В наших беседах, спорах и хождениях по городу принимал также участие Р. Такташ, сын знаменитого татарского поэта Хади Такташа. Р. Такташ был художник, знаток искусства и поэт. Он писал стихи по-русски, и многие его образы были живописными. Мур говорил, что участие Р. Такташа вносит в наше сообщество евразийский элемент. Именно от Мура я впервые услышал о евразийстве, нечто вроде того, что потом развивал в своих книгах Л. Н. Гумилев. И это тоже было для меня новым и неожиданным и так непохожим на то, что мы тогда проходили на уроках истории.

Babaev

Однажды мне по какому-то случаю достались талоны на бесплатный обед в академической столовой. Нужно было только захватить ложки из дома. Я позвал с собой Мура, и мы встретились с ним у входа в балетную школу имени Тамары Ханум на Пушкинской, 31, где помещался в эвакуации институт мировой литературы Академии наук.
Столовая располагалась прямо при входе, в просторном вестибюле.

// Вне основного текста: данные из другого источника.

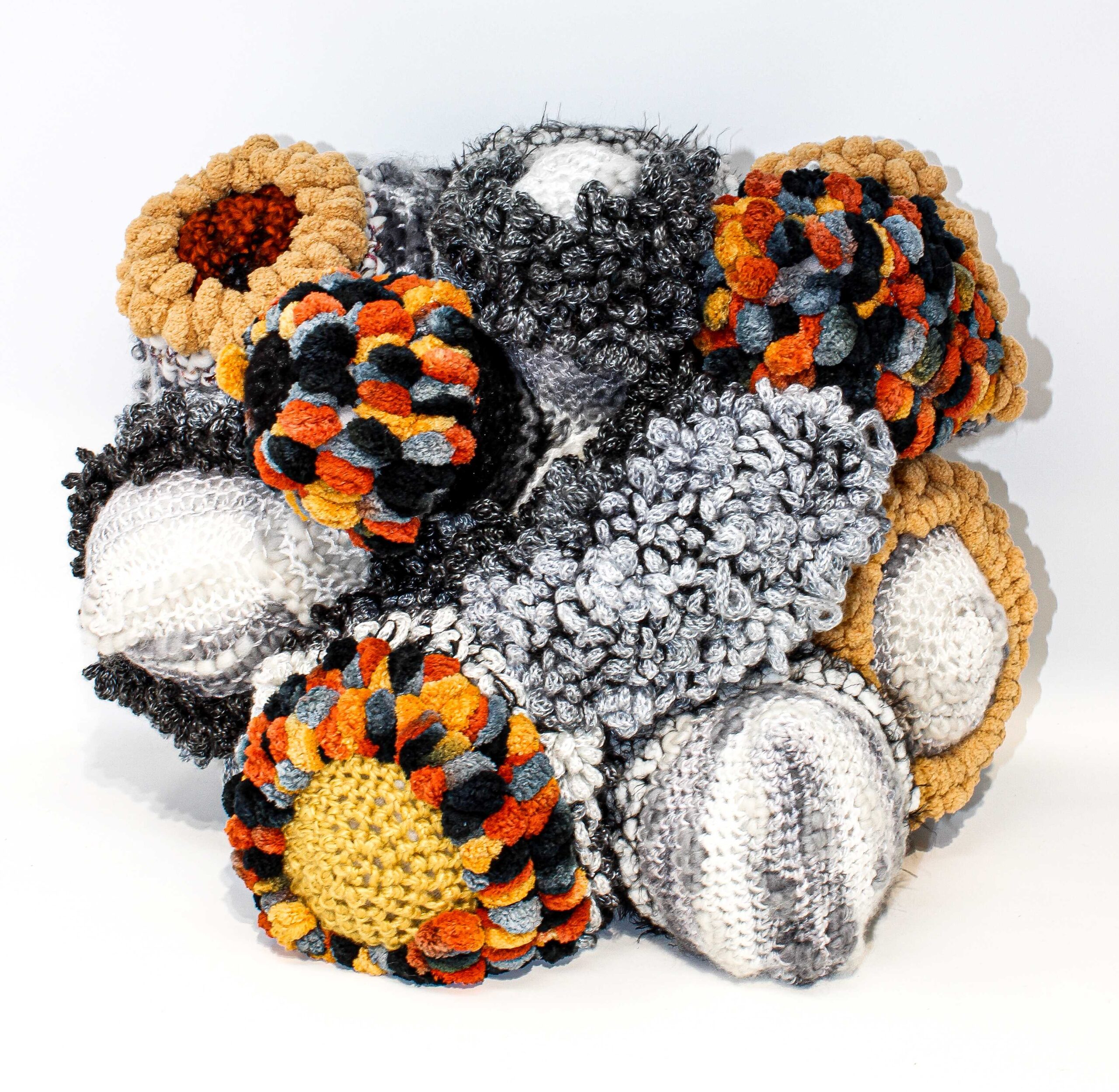 "Grey Anemone" an artistic representation of natural marine elements. These elements of the sea and land (corals, anemones, starfish, shells) are seen through a magnifying glass and reinterpreted through textile sewing techniques - knit and crochet. Although these techniques are very traditional, the way they are applied results in an initial surprise where there is a confrontation between the tradition present in the techniques and the innovation of form, aesthetics, textures and color - and in this clash, the pieces build a dialogue with those who see, touch and feel them.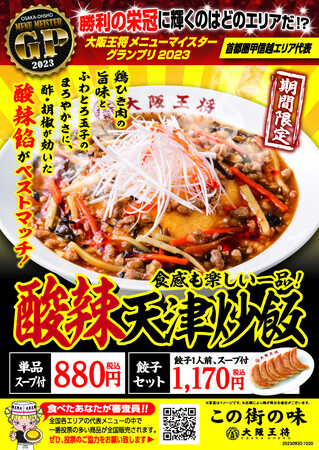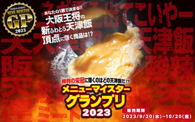 株式会社大阪王将(東京ヘッドオフィス:東京都品川区 代表取締役社長:植月剛)は、餃子専門店「大阪王将」で、2023年9月20日(水)より、大阪王将の“新ふわとろ天津飯”の頂点を決める『大阪王将メニューマイスターグランプリ2023』を開催いたします。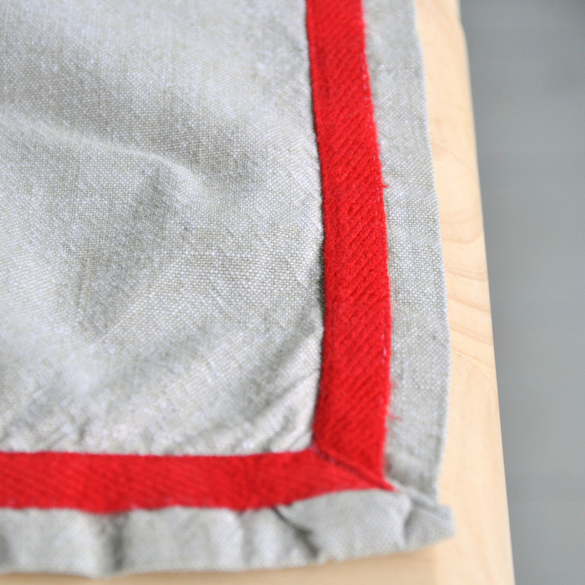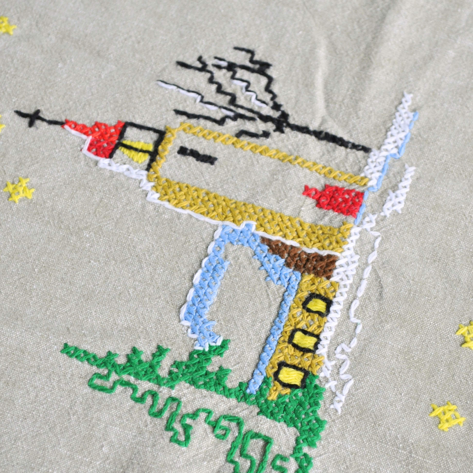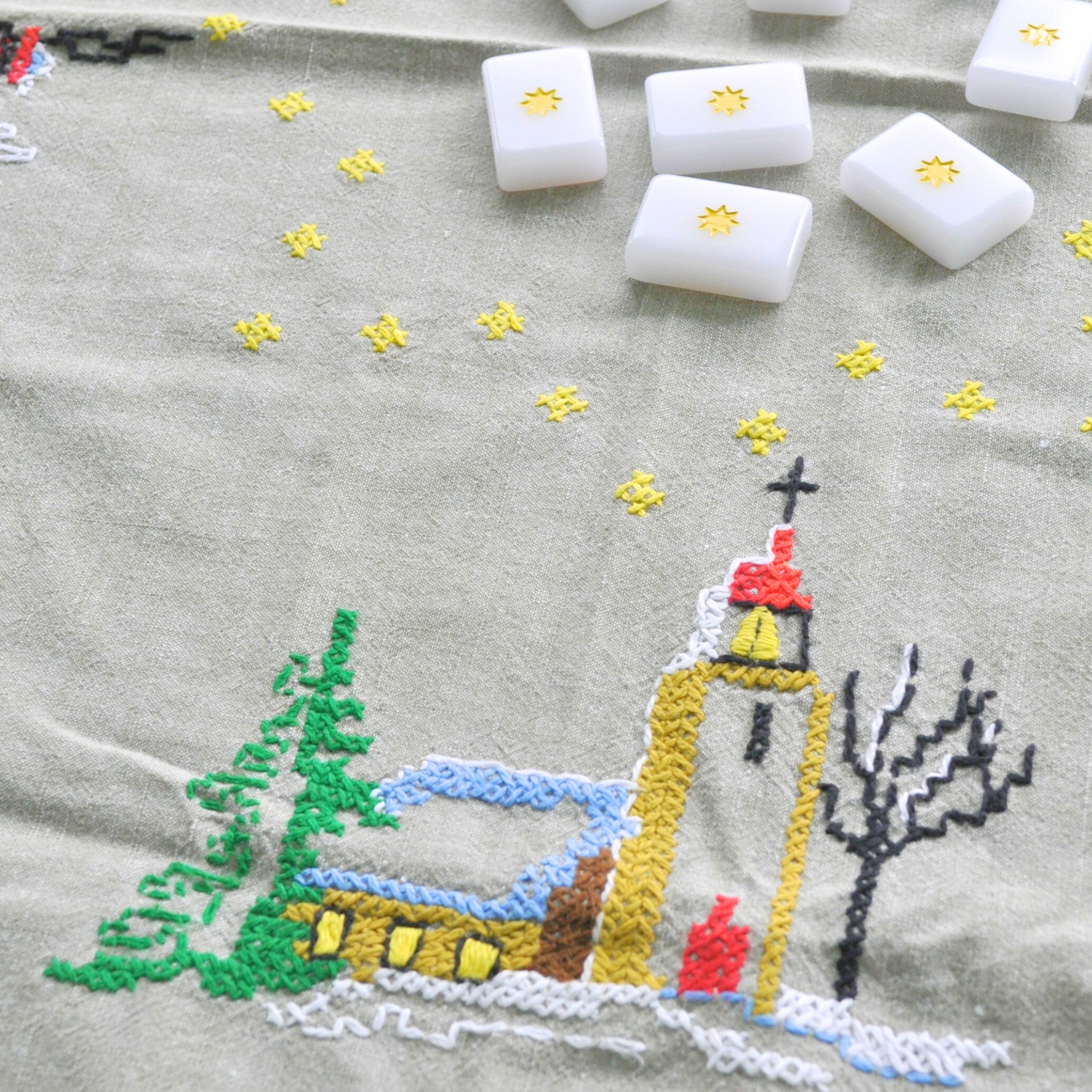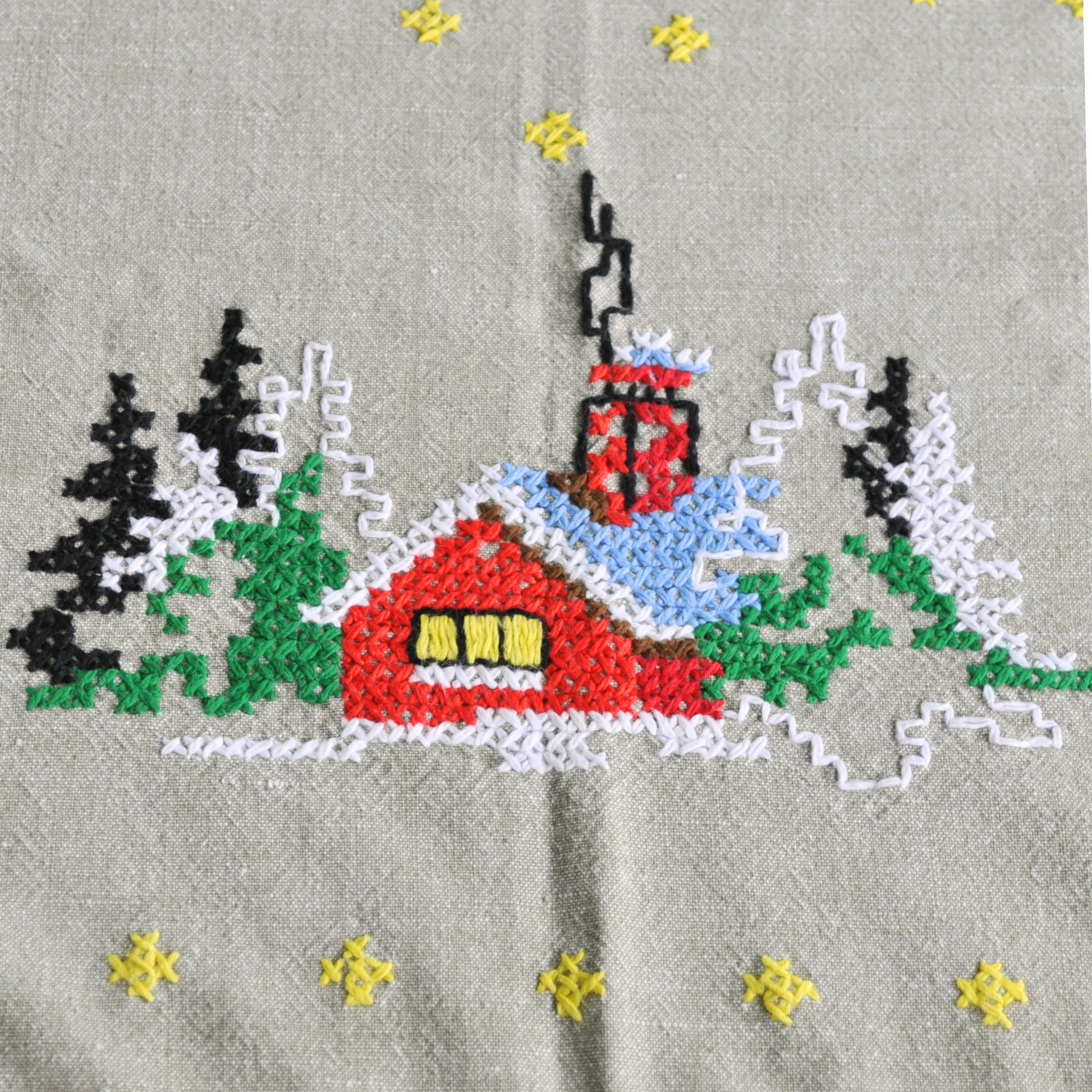 Measures 34" x 35" inches in flax linen, adorned with hand stitched embroidered in a winter’s night motif, including twinkling stars. A red border appliqué was expertly added with a home sewing machine. The linen is in excellent vintage condition, with no obvious stains, holes, or tears.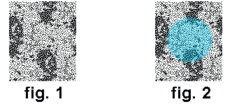 dot stereogram was invented by Dr. Bela Julesz in 1959 as an experiment to test stereopsis, the ability to see in 3D. Read more about the history of stereograms here LINKLINKLINK. By using a random dot pattern, Julesz eliminated the depth cues that are inherent in recognizable images.Consider this example. First create a rectangle of randomly arranged dots. (fig 1). Within that rectangle select a group of dots that make up a small shape. In this example the small shape is a circle and the selected dots are the dots that fall within the blue circle. (fig. 2).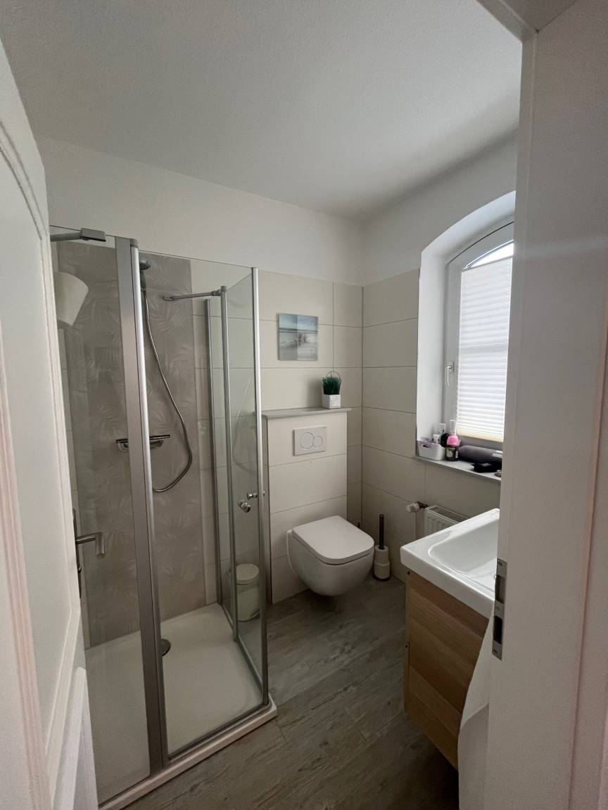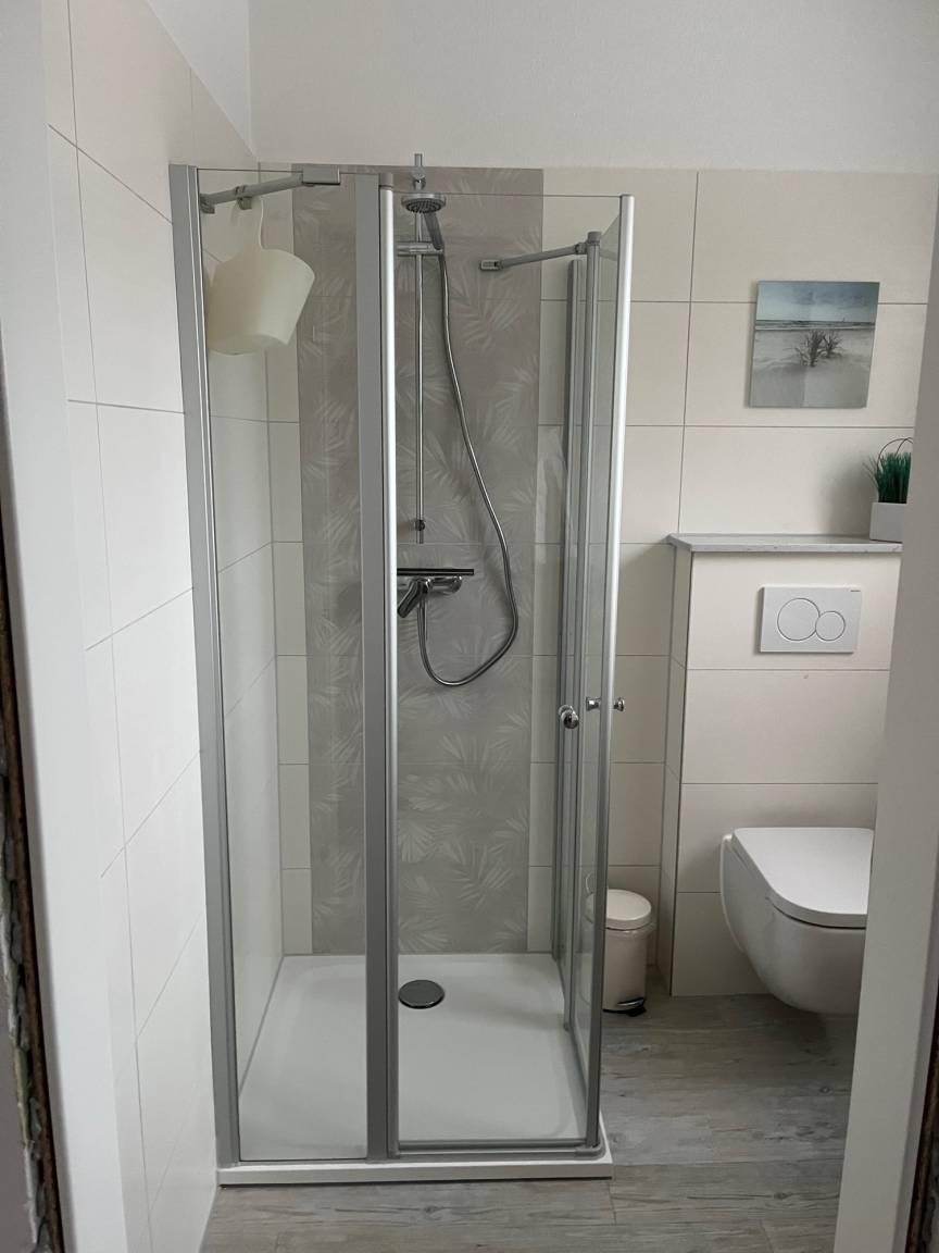 Vom Strandaufenthalt, sportlichen Aktivitäten und / oder ausgedehnten Wanderungen erschöpft können Sie sich in dem Wannenduschbad (1. OG) oder in der Dusche (Paterre) erfrischen.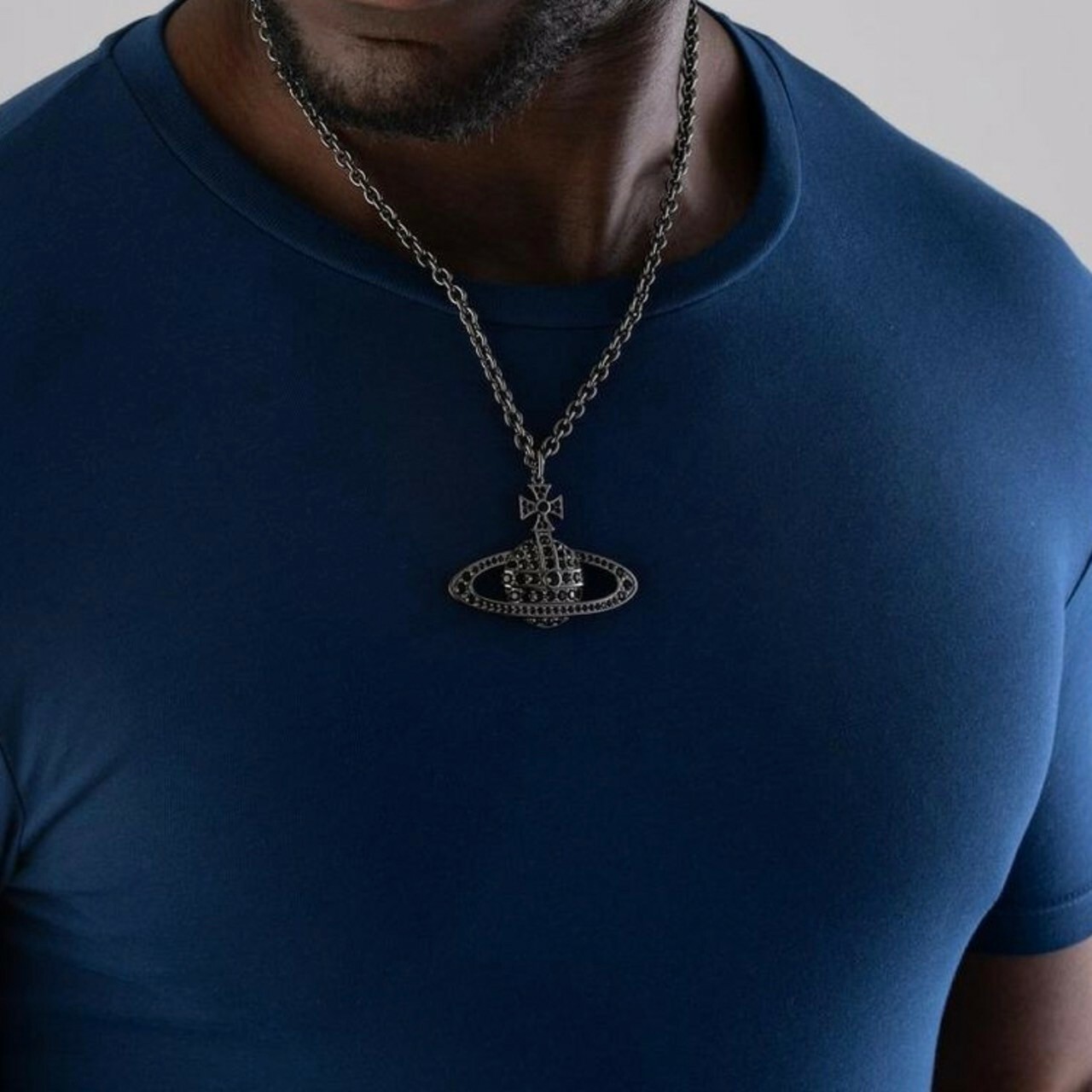 Vivienne Westwood 稀少款 黑色水晶浮雕Logo土星項鍊 大款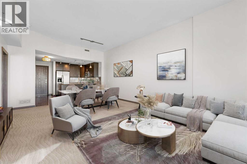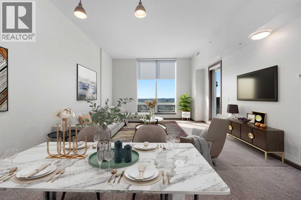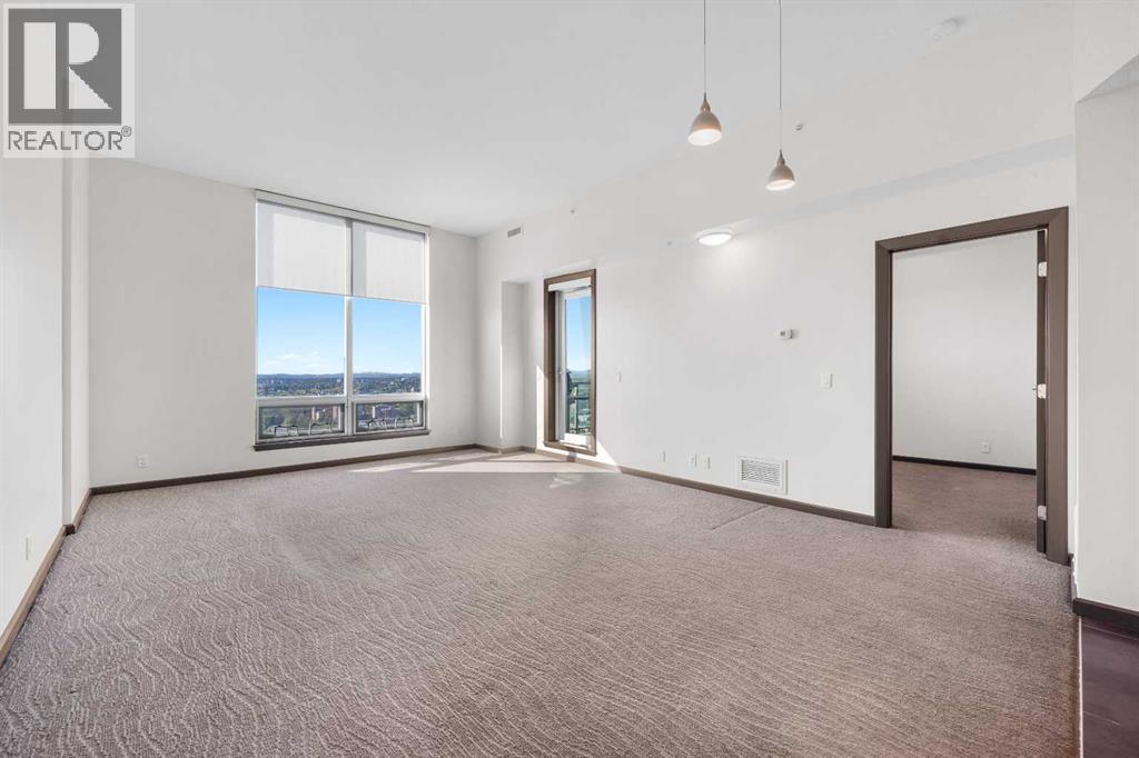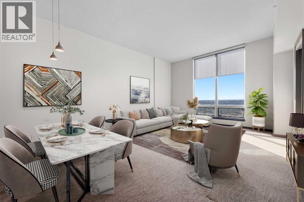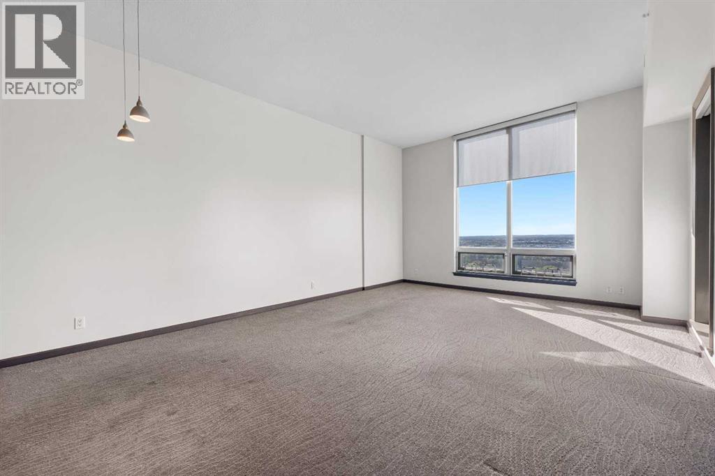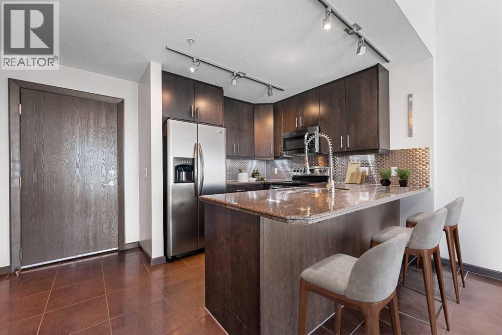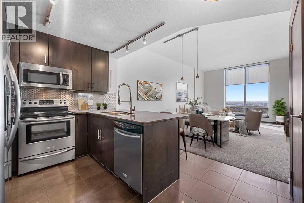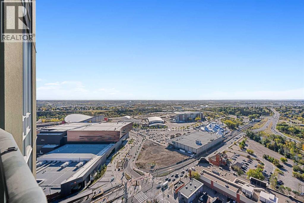 Perched high on the 32nd floor, this stunning south-facing unit offers breathtaking panoramic views of the Rocky Mountains and Stampede Grounds through floor-to-ceiling windows. With soaring 10 ft ceilings, the space feels bright, open, and luxurious. The kitchen boasts granite countertops, stainless steel appliances, and a stylish backsplash; a perfect place for creating delicious meals for yourself and guests. A massive living room makes the most of the incredible views with floor to ceiling south facing windows giving you a magnificent space to curl up with a good book and gaze at our wonderful city. The spacious bedroom features a walk-through closet leading into the bathroom; a great place to rest your soul after a day of fun and adventure. To further support your carefree lifestyle this home also includes air conditioning, titled underground parking and a storage locker for your convenience. The building offers resort-style amenities including concierge service, a large fitness center, hot tub, steam room, theater, and party room. This condo is the idyllic home for you with stunning views, luxurious space and amazing amenities all within your own building. (id:6769

По-видимому, это было какое-то временное помещение. Дежурная взяла у нас талоны и ушла на кухню, занимавшую часть гардеробной. Вскоре она принесла нам миски с раскаленным перловым супом и поджаренную рисовую котлетку с зеленью.
— Обожаю вегетарианскую кухню, — сказал Мур. — Она напоминает мне о Льве Толстом…
Он был в прекрасном настроении. Даже что-то такое снобическое проснулось в нем. Стульев в этой импровизированной столовой не было. Столики высокие, какие бывают в кафе на вокзале… Покрыты они были клеенкой, жесткой, как железо. И Мур припомнил по этому поводу “Казино” Мандельштама: “Но я люблю на дюнах казино, широкий вид в туманное окно и тонкий луч на скатерти измятой…”
Ложки, столь славно послужившие нам за обедом, мы вымыли горячей водой под рукомойником и уже собирались уходить, когда к нам подошла дежурная и сказала:
— Мальчики, пойдите и помогите там, в зеркальном зале, с ящиками. “В обстановке секретности”, — как говорит наш Михалыч.
Наверное, она приняла Мура за аспиранта Института мировой литературы. Мы тотчас же пошли в указанный ею зеркальный зал и увидели, что он весь разгорожен крепкими сундуками и ящиками, так, что они образуют прямые отрезки пространства: коридоры и жилые помещения. А по стенам от самого плинтуса тянутся сплошной лентой выше человеческого роста зеркала. Это был зал для репетиций балетной школы. В некоторых отсеках, там, где стояли раскладушки, столики и тумбочки, зеркала были забелены мелом. И по меловой поверхности прочерчены инициалы и детские рисунки.
Кто-то уже передвигал ящики под наблюдением завхоза в галифе и сапогах. И мы тоже по его указанию передвинули несколько ящиков так, что они отгородили еще какое-то пространство у стены. Галифе и сапоги отражались во всех зеркалах. Но когда мы наклонились над очередным ящиком, то вдруг увидели, что там написан инвентарный номер и обратный адрес: Москва, музей Л. Н. Толстого.
— Так вот на что намекала рисовая котлетка! — воскликнул Мур.
Мимо нас проходила дежурная, которая отправила нас сюда. Она везла на тележке красные огнетушители. Мы спросили у нее про ящики. И она сказала, что это библиотека музея Л. Н. Толстого, которую эвакуировали вместе с академическим институтом.
Мы решили поместить заметку про путешествующую библиотеку в журнале “Улисс” и отправились прямо к завхозу в галифе узнавать подробности. Но он вдруг насторожился и заявил, что ни на какие такие вопросы отвечать не будет.
— Кто вы такие? — спрашивал он. — И как сюда попали? В обстановке секретности!
А тут еще колесо тележки с огнетушителями застряло, зацепившись за соседний ящик. Мур наклонился, чтобы помочь дежурной, и у него из кармана выскользнула и покатилась по полу столовая ложка. Завхоз несколько секунд смотрел на ложку, на Мура, на меня, а потом сказал:
— Чтоб я вас тут больше не видел! В обстановке секретности…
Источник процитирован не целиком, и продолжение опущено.